The events of last week required patient routing based on acuity, urgency, and availability of resources.   BIDMC, Massachusetts General, Brigham and Womens, and Childrens did a remarkable job treating every patient even with incomplete medical information.   The Massachusetts Healthcare Information Exchange ("the MassHIWay") is currently in production for "pushing" summaries from organization to organization.   Last week's events illustrate the importance of our second phase, now under construction, for secure retrieval of information based on a record locator service and a patient consent registry.    By the second quarter of 2014, we should have the infrastructure in place to support the kind of data exchanges that would have been helpful last week - a first in the country kind of capability.

IT in general experiences more demands than supply.   Last week, we learned firsthand how technology can support a disaster.
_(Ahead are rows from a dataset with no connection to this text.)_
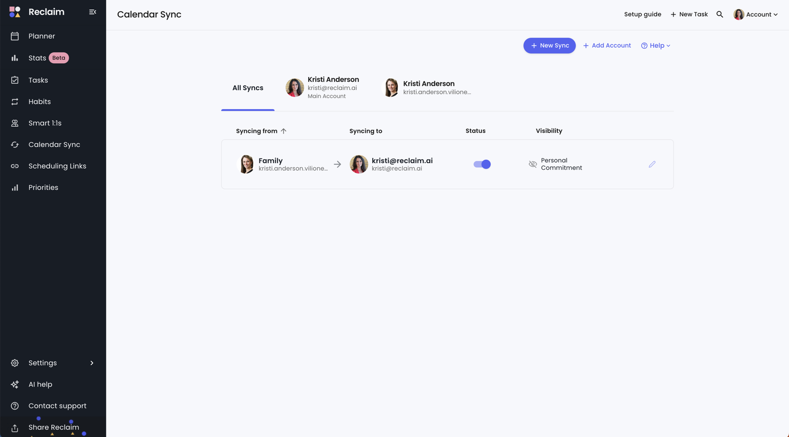 Reclaim.ai farklı takvimleri senkronize eder.
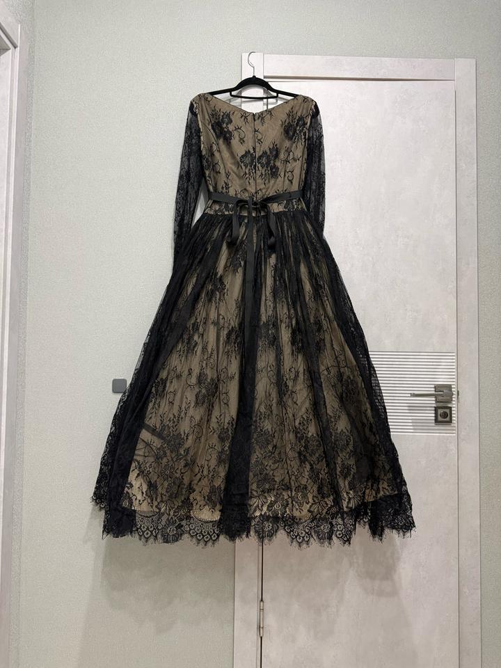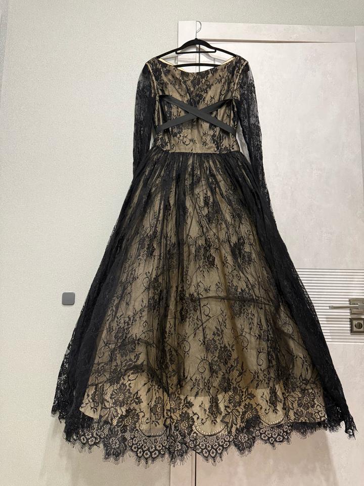 Черное платье пышное из французского кружева с этикеткой, без дефектов. Размер 48-50 Артикул: 415974
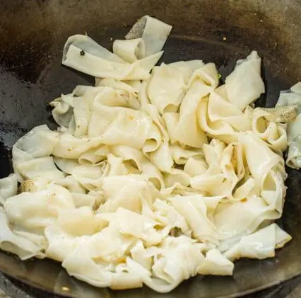 Add the rice noodles to the wok, spreading them out in a single layer.

As we think about all the work on our plates,  our plans going forward must incorporate our recent experiences.


Rich Forsyth said...

Glad to hear that your team is safe and well.

This is a great summary and does point out some until now unthinkable provisions that should be included in risk planning. Sorry you had to think these through at all but your points can be useful to others in now for future planning. Thank you for your efforts.

Jan Adler said...

Dr. Halamka, I commend your staff on their response to that horrible event. I also commend you for striving to meet the needs of the public while securing their privacy. As a RN, I understand how important the patient's history is when treatment is necessary.
Thank you for your hard work and being a patient advocate.

Tom Mariner said...

Just reviewing your post, a month post-event.

Sage advice from a boots-on-the-ground guy who can instantly extrapolate to a 10,000-foot, future-looking view.

Yes on the medical records exhange -- the quiet background of possible patient care improvement gets a light shone on it with a few hundred injuries within seconds and the law enforcement clamp down.

The unauthorized access of patient record access during such an emergency, or on high investigative value patients is innovative use of IT as a Homeland Security tool.

Although the "risk planning" has the same end goal of avoiding harm to a patient, operator, or environment, to a medical device developer, the methods and focus are different. In the case of a healthcare facility and those who provide means of helping medical professionals, EVERYTHING begins with assessing risks -- yes, we all are going to have to go back over our design files to see how we would hold up to something like the bombings and subsequent law-enforcement actions.